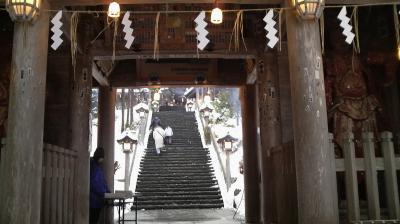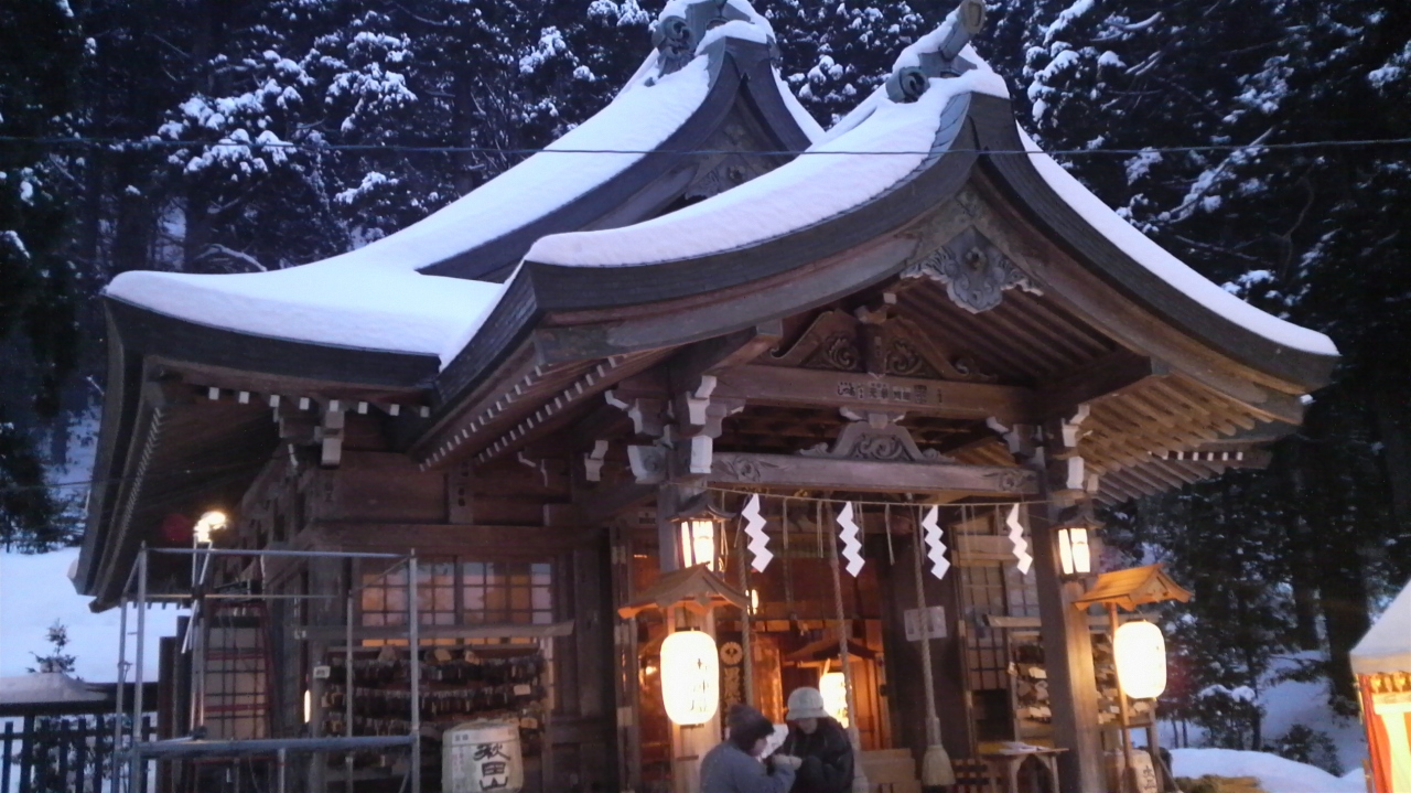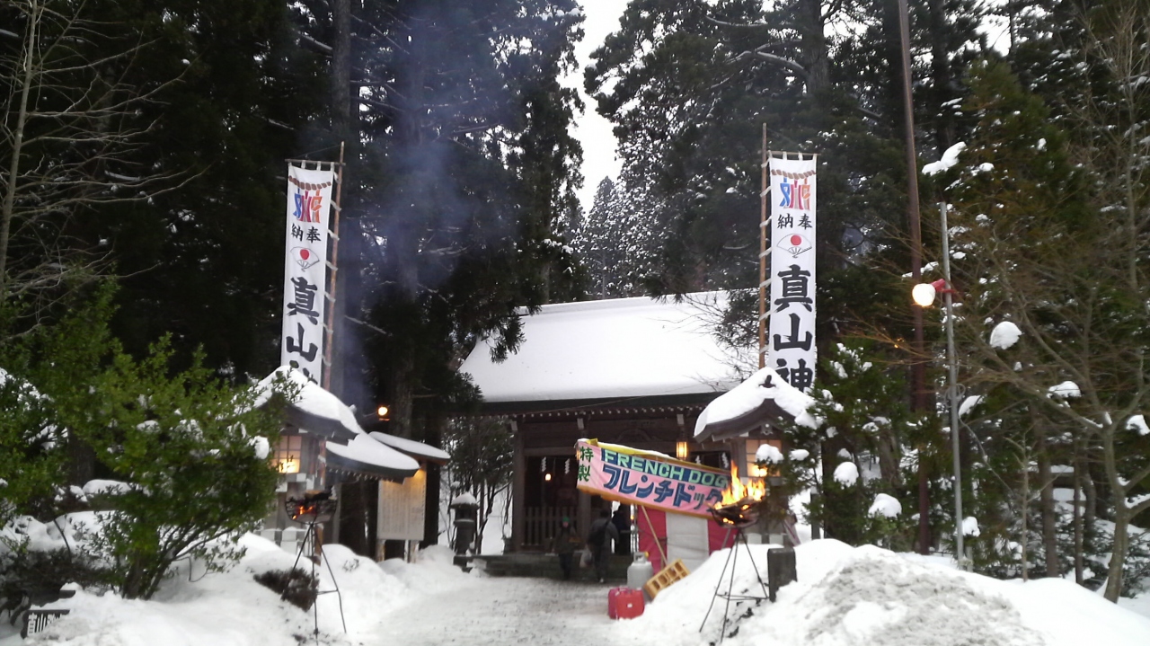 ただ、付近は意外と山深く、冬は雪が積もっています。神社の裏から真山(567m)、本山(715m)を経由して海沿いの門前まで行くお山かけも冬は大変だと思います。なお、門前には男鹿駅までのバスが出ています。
==
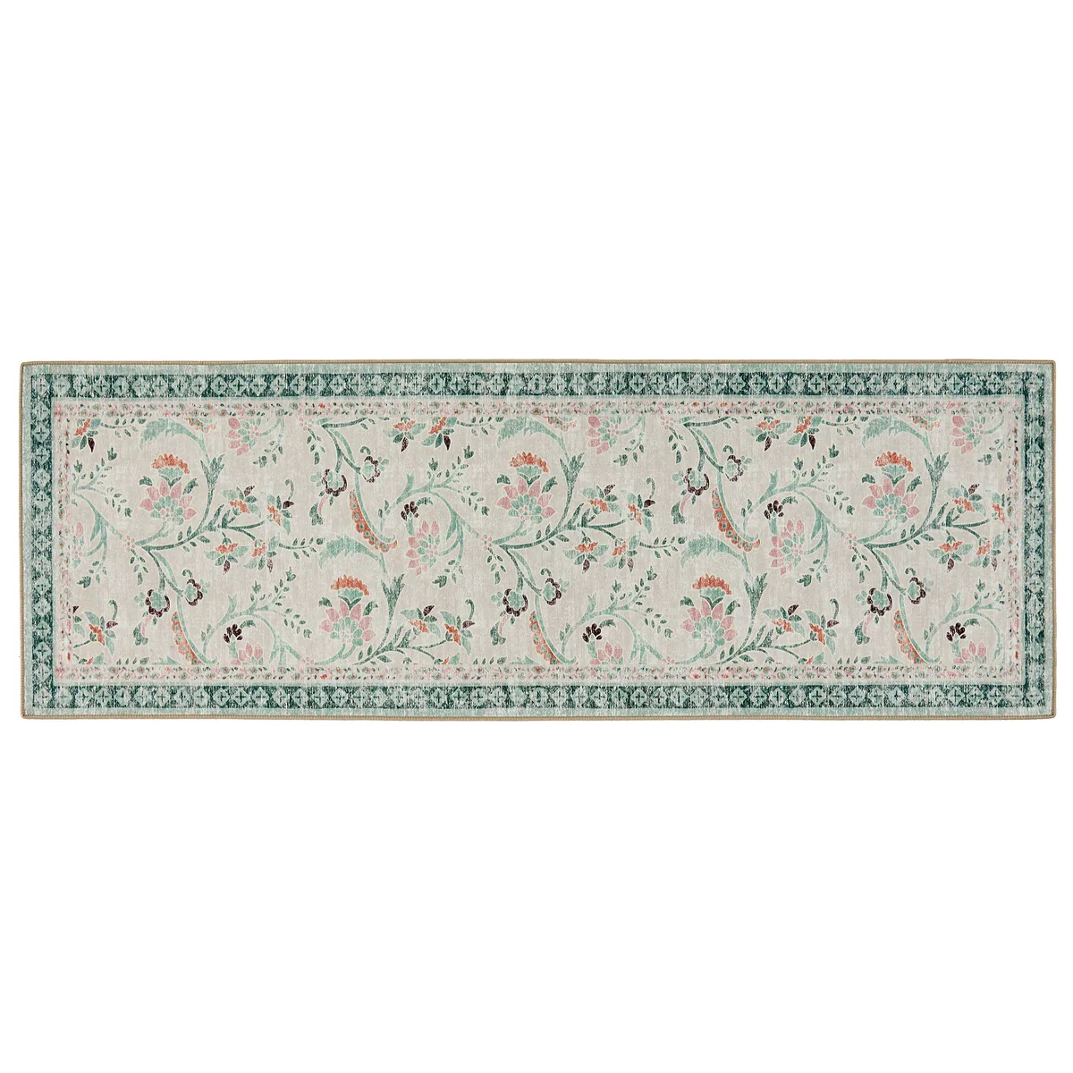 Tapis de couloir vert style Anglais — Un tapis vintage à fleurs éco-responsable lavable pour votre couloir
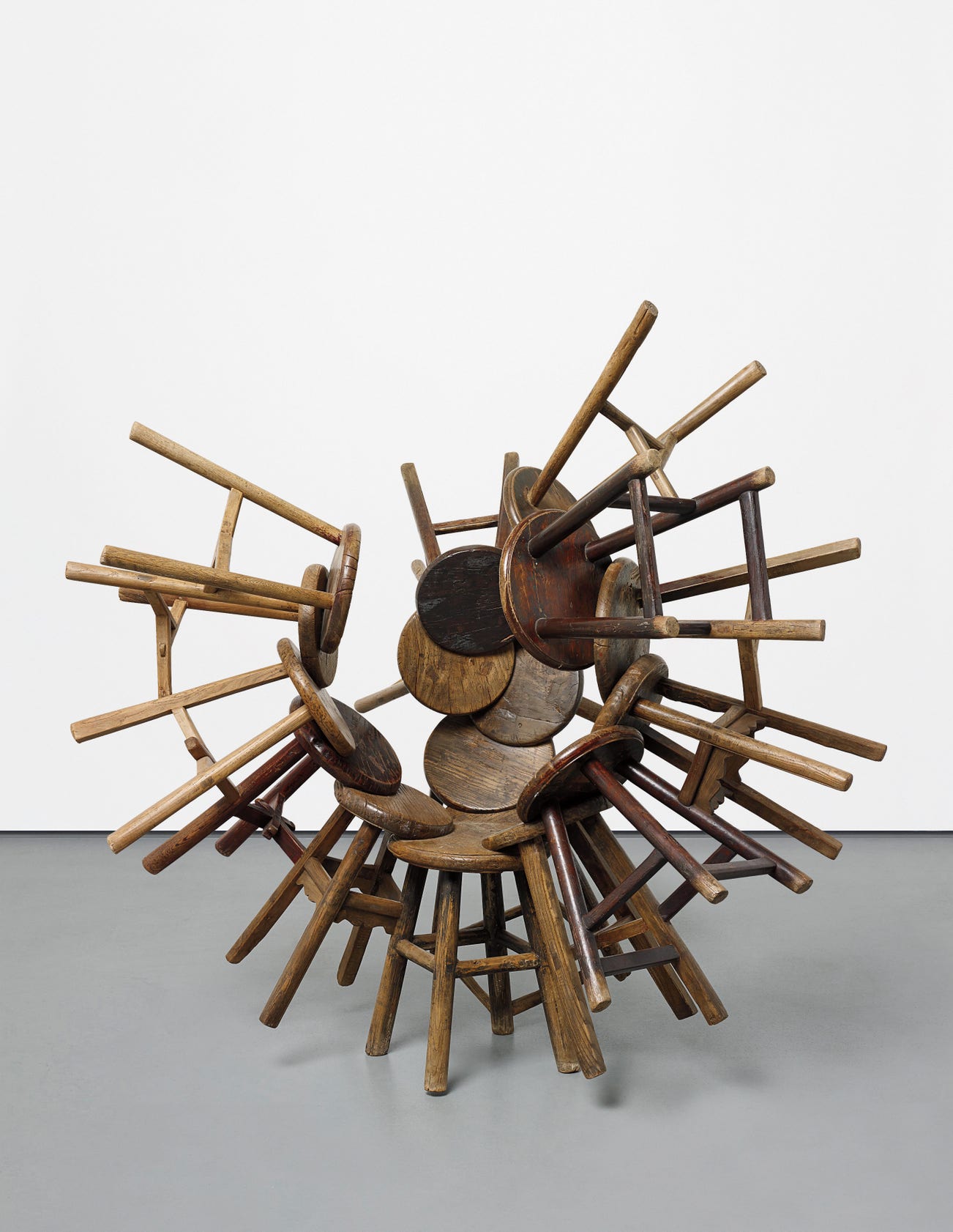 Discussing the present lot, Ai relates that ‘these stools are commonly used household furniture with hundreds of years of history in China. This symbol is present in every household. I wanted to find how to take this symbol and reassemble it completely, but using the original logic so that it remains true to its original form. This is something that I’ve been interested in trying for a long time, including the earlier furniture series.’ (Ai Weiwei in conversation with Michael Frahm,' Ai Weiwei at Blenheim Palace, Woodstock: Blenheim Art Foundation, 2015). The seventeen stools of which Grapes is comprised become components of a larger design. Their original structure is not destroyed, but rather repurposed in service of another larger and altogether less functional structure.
==
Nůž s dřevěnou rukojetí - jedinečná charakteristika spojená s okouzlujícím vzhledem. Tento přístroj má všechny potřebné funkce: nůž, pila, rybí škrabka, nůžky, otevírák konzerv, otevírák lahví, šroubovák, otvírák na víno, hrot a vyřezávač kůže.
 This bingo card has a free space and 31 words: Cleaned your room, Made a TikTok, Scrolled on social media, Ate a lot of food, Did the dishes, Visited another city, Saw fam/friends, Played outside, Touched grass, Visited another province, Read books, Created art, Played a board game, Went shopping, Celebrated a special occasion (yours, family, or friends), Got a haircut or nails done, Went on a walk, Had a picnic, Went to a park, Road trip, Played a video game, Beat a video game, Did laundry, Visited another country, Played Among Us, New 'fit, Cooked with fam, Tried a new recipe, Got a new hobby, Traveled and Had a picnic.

• **How to complete this task**
Of the entries above, repeat exactly the lines between the line with "Nůž s dřevěnou" and the line with "This bingo card", inclusive, and no others.

• **Expected answer**
Nůž s dřevěnou rukojetí - jedinečná charakteristika spojená s okouzlujícím vzhledem. Tento přístroj má všechny potřebné funkce: nůž, pila, rybí škrabka, nůžky, otevírák konzerv, otevírák lahví, šroubovák, otvírák na víno, hrot a vyřezávač kůže.
 This bingo card has a free space and 31 words: Cleaned your room, Made a TikTok, Scrolled on social media, Ate a lot of food, Did the dishes, Visited another city, Saw fam/friends, Played outside, Touched grass, Visited another province, Read books, Created art, Played a board game, Went shopping, Celebrated a special occasion (yours, family, or friends), Got a haircut or nails done, Went on a walk, Had a picnic, Went to a park, Road trip, Played a video game, Beat a video game, Did laundry, Visited another country, Played Among Us, New 'fit, Cooked with fam, Tried a new recipe, Got a new hobby, Traveled and Had a picnic.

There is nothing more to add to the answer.